Records for the exercise:
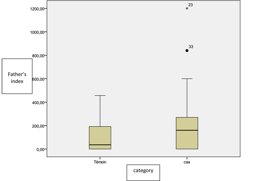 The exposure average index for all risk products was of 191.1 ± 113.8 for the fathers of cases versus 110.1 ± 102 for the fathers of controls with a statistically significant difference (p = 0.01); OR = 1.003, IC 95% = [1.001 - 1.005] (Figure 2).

...

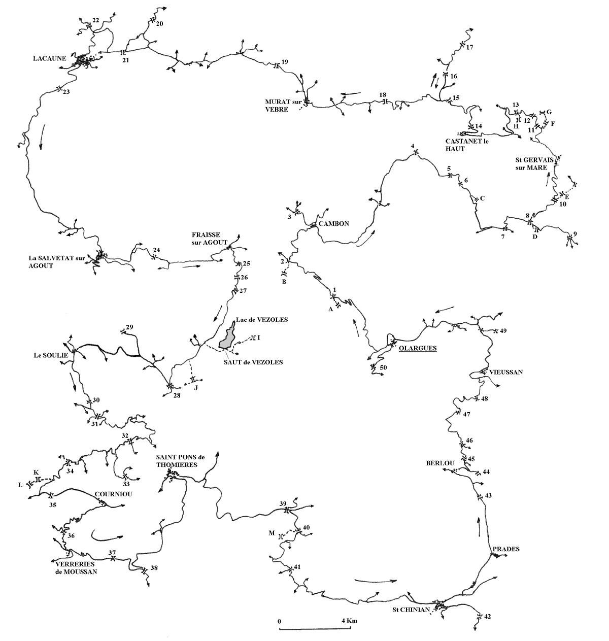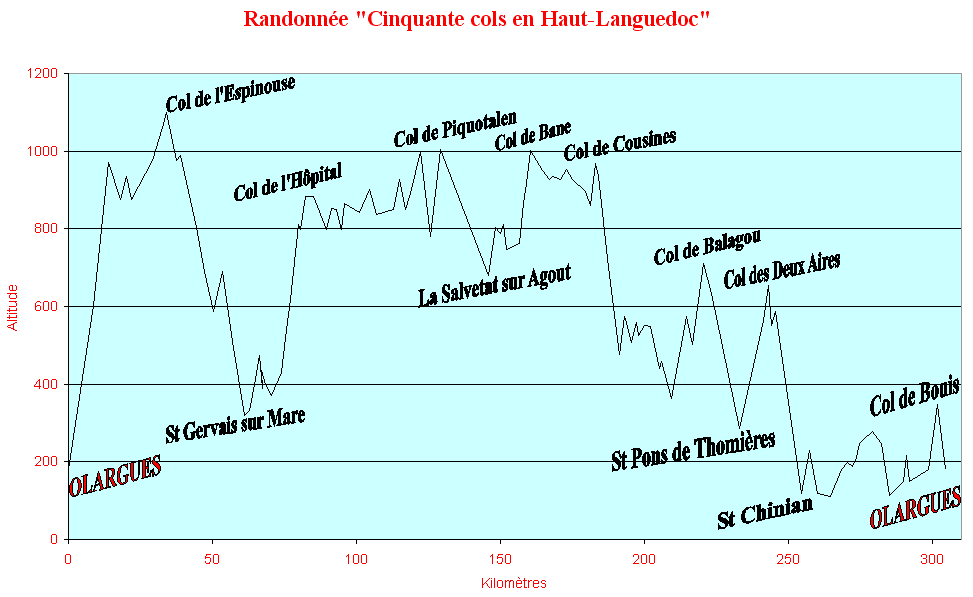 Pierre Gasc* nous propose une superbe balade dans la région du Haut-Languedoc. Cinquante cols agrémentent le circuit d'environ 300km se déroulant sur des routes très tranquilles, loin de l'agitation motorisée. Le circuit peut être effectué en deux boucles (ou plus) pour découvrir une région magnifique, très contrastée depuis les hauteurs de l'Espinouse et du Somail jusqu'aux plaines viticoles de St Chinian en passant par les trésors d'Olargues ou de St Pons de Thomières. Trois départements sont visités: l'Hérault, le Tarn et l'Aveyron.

...

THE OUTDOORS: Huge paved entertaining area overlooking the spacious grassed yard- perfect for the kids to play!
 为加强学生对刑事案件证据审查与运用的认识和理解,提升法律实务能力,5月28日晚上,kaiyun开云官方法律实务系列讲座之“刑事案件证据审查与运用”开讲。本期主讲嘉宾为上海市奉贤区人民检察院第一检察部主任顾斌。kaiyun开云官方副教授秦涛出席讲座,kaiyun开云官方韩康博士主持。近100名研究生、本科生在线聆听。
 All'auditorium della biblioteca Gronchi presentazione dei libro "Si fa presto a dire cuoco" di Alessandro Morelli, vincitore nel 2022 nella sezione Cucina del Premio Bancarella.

Goal of the exercise:
Scan the listing above for the line that has "为加强学生对刑事案件证据审查", then copy exactly from that line through the line that has "All'auditorium della biblioteca".

Task solution:
 为加强学生对刑事案件证据审查与运用的认识和理解,提升法律实务能力,5月28日晚上,kaiyun开云官方法律实务系列讲座之“刑事案件证据审查与运用”开讲。本期主讲嘉宾为上海市奉贤区人民检察院第一检察部主任顾斌。kaiyun开云官方副教授秦涛出席讲座,kaiyun开云官方韩康博士主持。近100名研究生、本科生在线聆听。
 All'auditorium della biblioteca Gronchi presentazione dei libro "Si fa presto a dire cuoco" di Alessandro Morelli, vincitore nel 2022 nella sezione Cucina del Premio Bancarella.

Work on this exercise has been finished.